RETAIL APPEAL Frog and Toad’s Schofield says his customers often feel good about
supporting a locally owned business. |
Frog and Toad, an idiosyncratic gift store on Providence’s East Side, is your quintessential mom and pop shop. It’s owned and operated by an affable husband-and-wife team, Asher and Erin Schofield, with two young children. And when the duo launched the business in March 2001, they did so both to follow their own bliss and as a reaction against the generic big-box businesses that have homogenized the experience of shopping in America.
It took about three years before the Schofields, now 34 and 33, achieved a comfortable level of business at Frog and Toad, which is located on the pedestrian-friendly stretch of Hope Street, a little past Rochambeau, on the way to Pawtucket. In the time since, things have steadily improved — with the current year shaping up as the best in the store’s seven-year history.

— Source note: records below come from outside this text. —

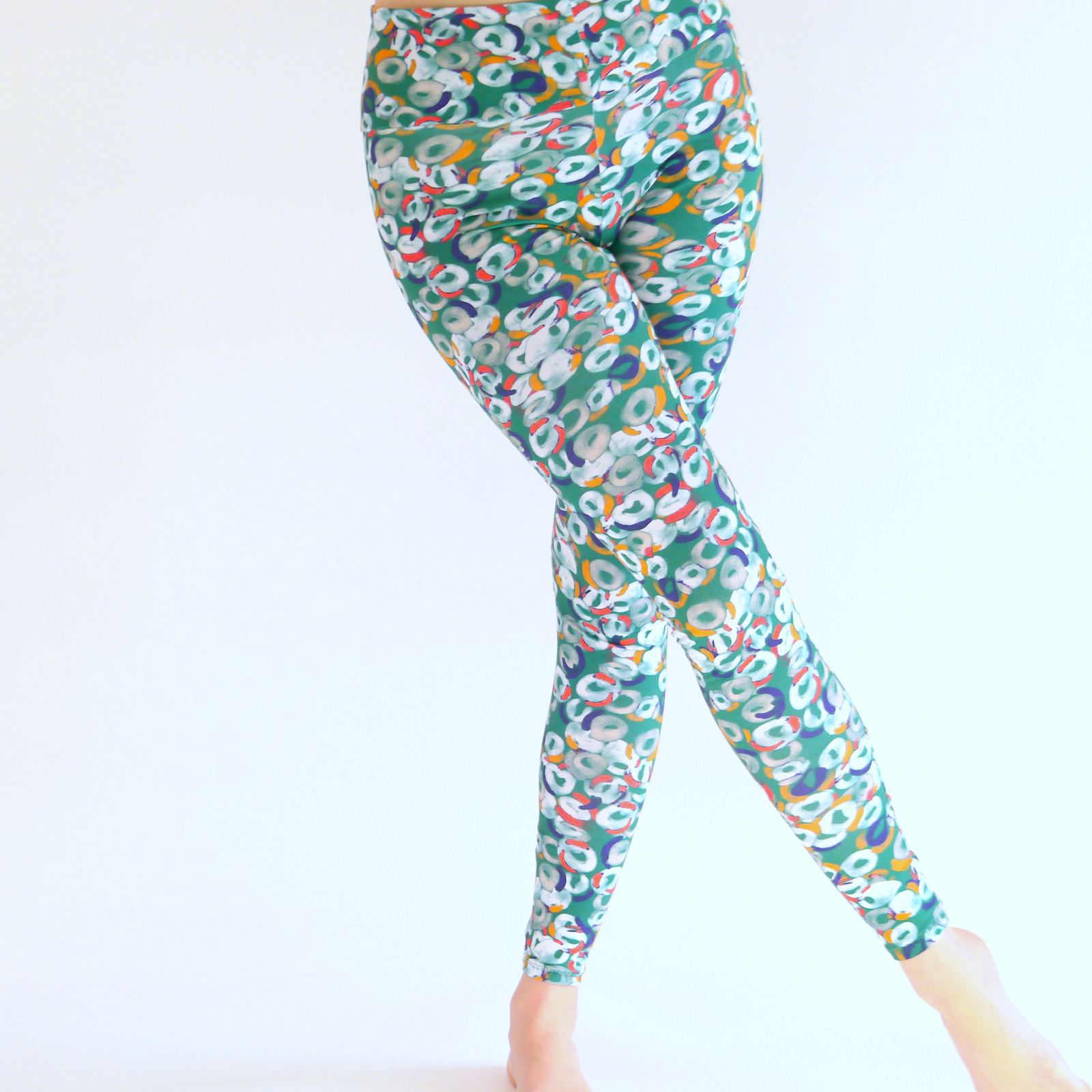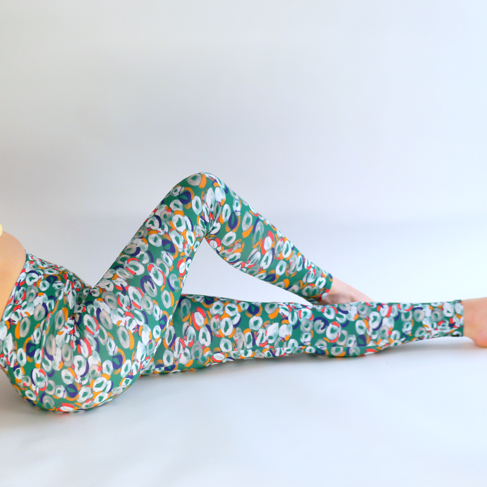 Die Leggings ist angefertigt aus grün-weißen Baumwoll-Jersey Stoff. Damit diese schöne Yoga Leggings einen guten Sitz hat, habe ich in Innenbündchen einen Elasthan Stoff (Bauch weg) eingebaut.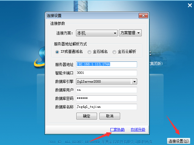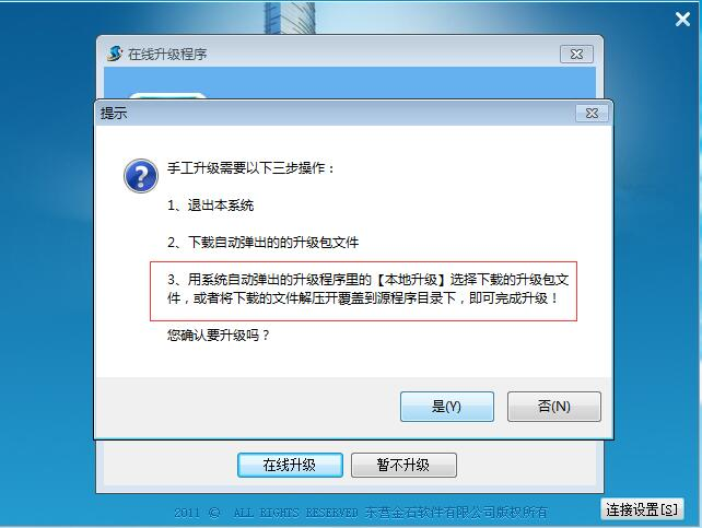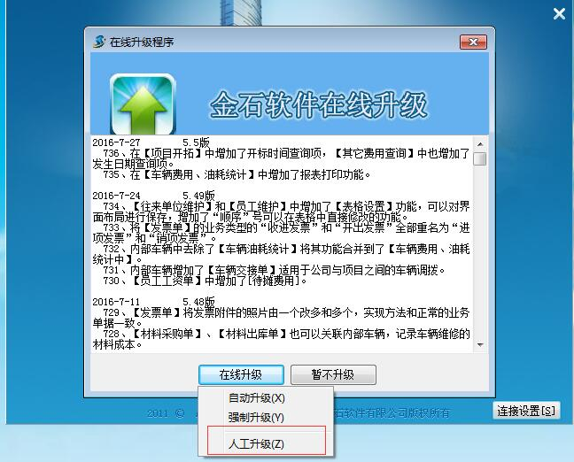雙擊打開金石軟件圖標→連接設(shè)置→在線升級→人工升級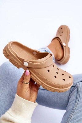 +4Damskie Gumowe Kroksy Brązowe Rabios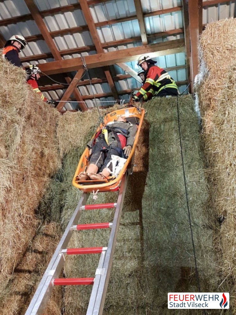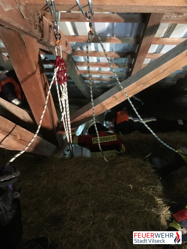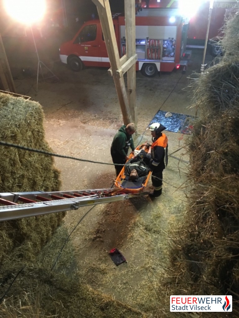 „Bei der abendlichen Tätigkeit im Lagerraum für Heu stürzte am Dienstag, den 20.09.2016 ein Landwirt in einen rund 7m tiefen Zwischenraum. Durch laute Hilferufe konnte der Verletzte auf sich aufmerksam machen, sodass durch die Ehefrau Feuerwehr und Rettungsdienst verständigt werden konnte.“
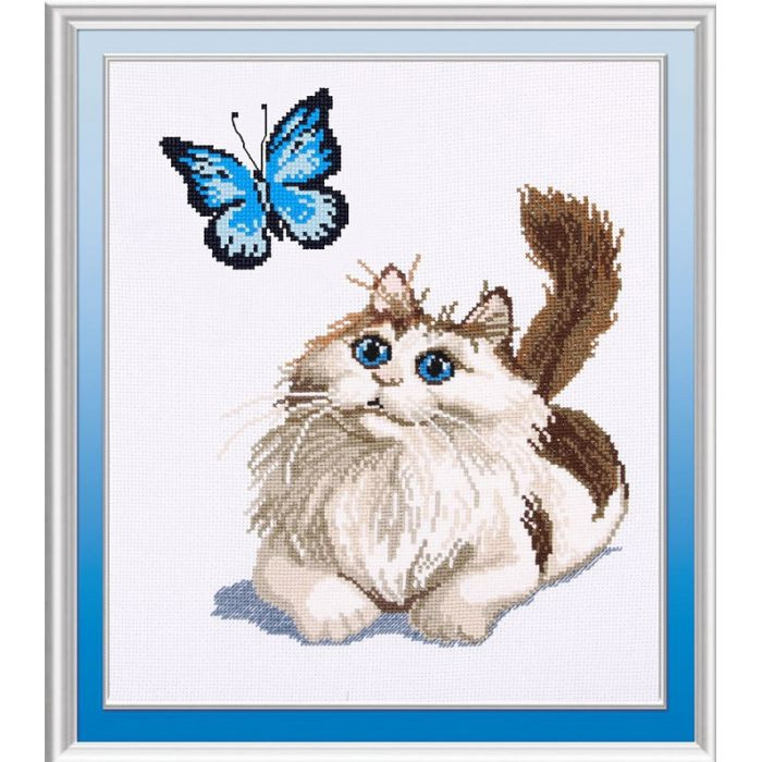 Вышивка крестиком «Кот и бабочка» 46х56см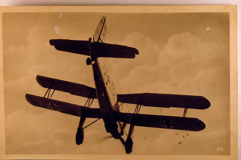 Card # 40817. View Larger | Rotate Post W.W. I British pub., printed in Germany, Biplane, Attractive Card VF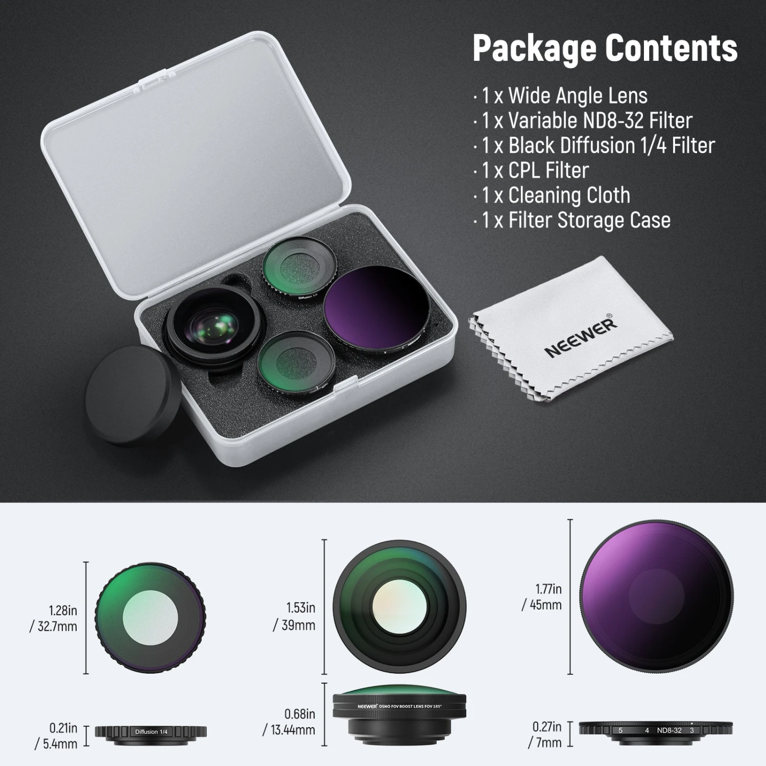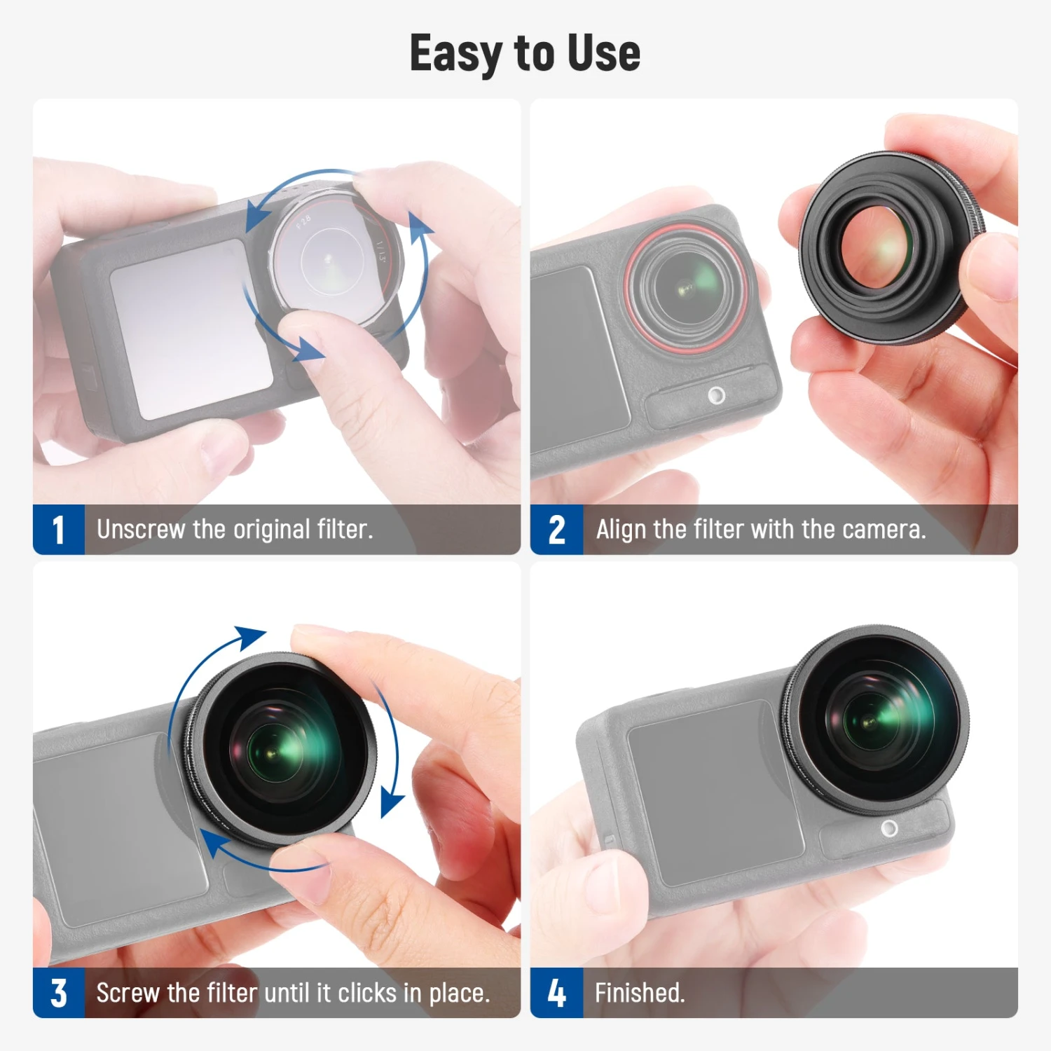 - For Action 5 Pro and Action 4 – Compatible with DJI Osmo Action 5 Pro and Action 4 Adventure Combo, this 4 in 1 set includes 3 filters and a lens for surfing, kayaking, skiing, mountain biking, skydiving, skateboarding, hiking, and other sports. Simply remove the original lens and screw them on for a quick and secure setup. Note: The filters and lens are not weather sealed and not for underwater use, as water will enter and degrade image quality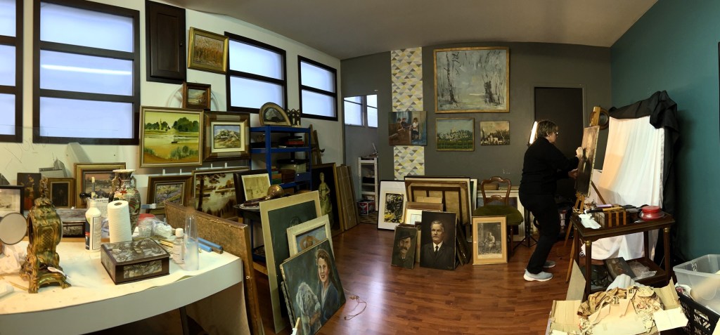 L’art délicat du nettoyage de tableaux anciens. Quelques petites touches de restauration également…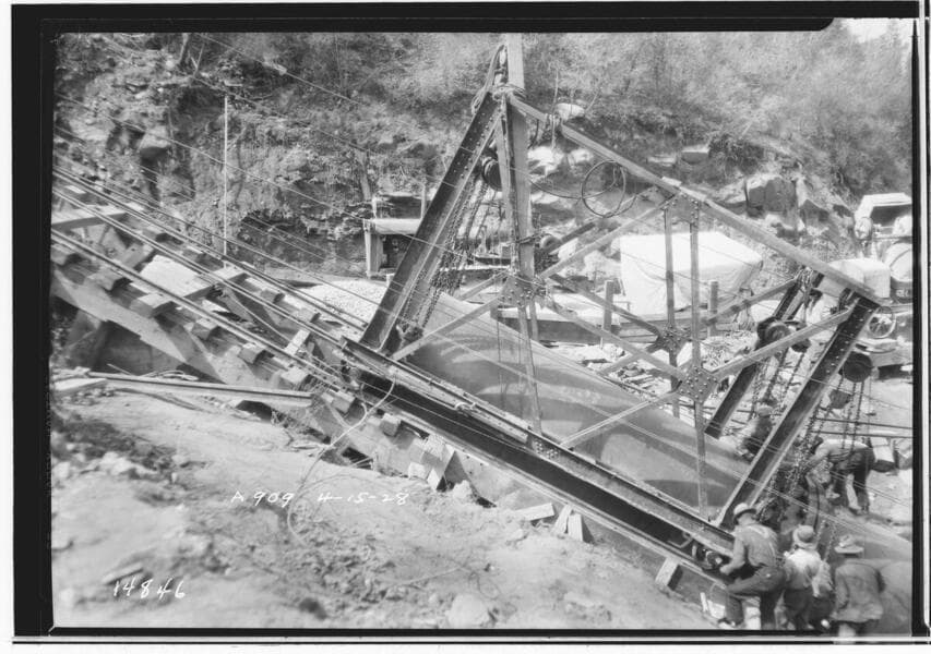 Powerhouse 2a - Gantry crane handling the forged seamless penstock pipe on inclined railroad above Powerhouse #2A.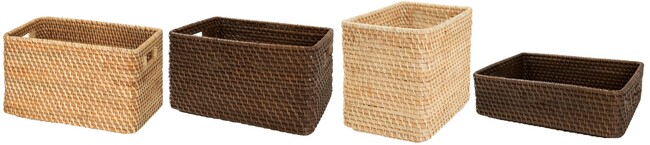 人気のラタンバスケットはナチュラルとブラウンの2色展開で、ご自宅の雰囲気に合わせて好きなカラーをお選びいただけます。レギュラーサイズ以外にも、たて型ハーフサイズ・よこ型ハーフサイズもあわせてお値下げ中です。
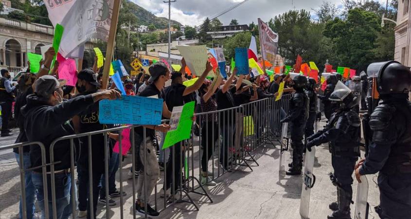 Cerca de las 10:00 de la mañana, los manifestantes arribaron al Palacio de Gobierno, que ya resguardaban con mallas y agentes antimotines, donde pidieron dialogar con el gobernador Diego Sinhue Rodríguez Vallejo sobre la regularización de los centros.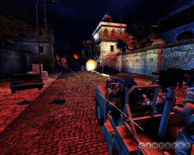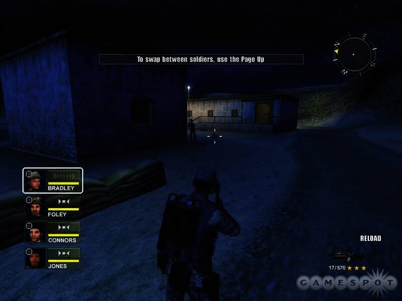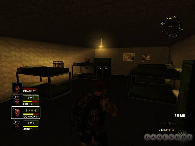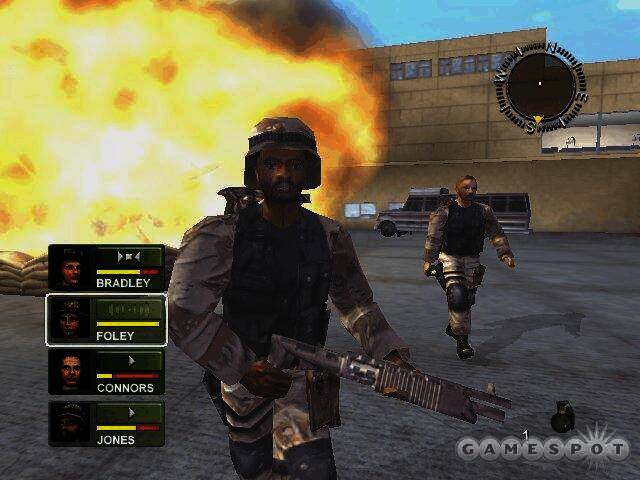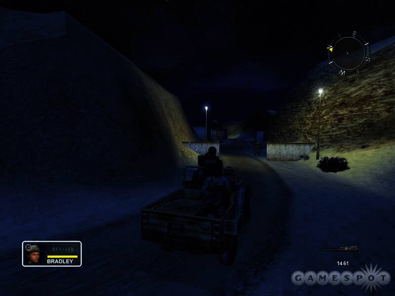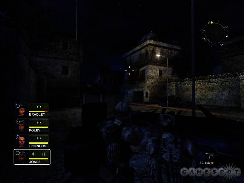 小分队冲进敌军军事重镇,遭炮弹袭击。从缺口沿管道进入三层大屋,任务是掩护直升机接走另一组队员。指令队友占据有利地形、补充装备弹药,歼灭来犯之敌,安全送走队友。从室内杀出,门外有两辆吉普车等候。

While some shoppers might be lured just by particular merchandise, Asher Schofield, a former graphic designer, also credits localism with helping to spur business, particularly during the current downturn. “I think each individual shopper prioritizes investing in their local merchants,” he says. “They come and see photos of my kids on the walls. They know because they bought an $18 necklace that that’s going to something tangible and not to a faceless company with a CEO nowhere near the store. They see the owner of the business behind the store.”
Yet a strong local orientation clearly isn’t always enough, in itself, to help a business survive. Amid competition from larger retailers, Patty Zacks, the owner of Camera Werks, which is located in the same Hope Street neighborhood, has kept fighting by emphasizing customer service and by doing more custom framing. The challenges of operating a small business, though, remain palpable. “We’ve been here for 21 years,” Zacks says. “In that amount of time, we can probably count a good 80 businesses that have come and gone.”
Now, with America enmeshed in the worst fiscal crisis since the Depression, the concept of buying local has gained increased traction. A number of elected officials in Rhode Island, including Lieutenant Governor Elizabeth Roberts, General Treasurer Frank Caprio, and Providence Mayor David N. Cicilline, have seized upon the idea.
As Roberts notes as part of her Buy Local RI initiative (www.ltgov.ri.gov/buylocalri/), “You can help local, small businesses and the economy in Rhode Island this holiday season by shopping locally. Just think first about making your holiday purchases at a locally owned, independent business. A small shift in your spending habits can have a large impact on Rhode Island’s economy. A 10 percent shift towards local businesses has the power to grow economic output 20 percent, generate millions in economic activity and create hundreds of jobs.”
Meanwhile, the readers of more than 70 alternative weeklies, including the Providence Phoenix, are being encouraged to spend at least $100 of their holiday shopping at locally owned stores this month. If all goes according to plan, according to the theory behind this multiplier effect, more than $2 billion could be pumped into urban economies during the ongoing recession.
Here are some modest suggestions to help get you started.
SUPPORT NEIGHBORHOOD BUSINESSES
Part of the challenge for small businesses is matching the wider selection and cheaper prices of big stores. Then again, you can take pride in knowing that more of your money will remain in the local economy when you support the SMALLER SHOPS AND STORES that populate different retail stretches around Rhode Island, including the one mentioned in the introduction of this story. Instead of fighting traffic on the way to the mall, park the car, stroll around a real neighborhood, and take a look at the offerings.
Suggestions: Downcity Providence; Warren and Bristol; Foster; Wickenden Street in Providence; Tiverton Four Corners; Pawtuxet Village (the Boat House Holiday Sale is slated for December 13 from 10 am-8 pm and Sunday, December 14 from noon-5 pm). For more details on shopping in the capital city, visit Buy Providence (providenceri.com/buyprovidence), which enables shop-pers to scan local businesses by category.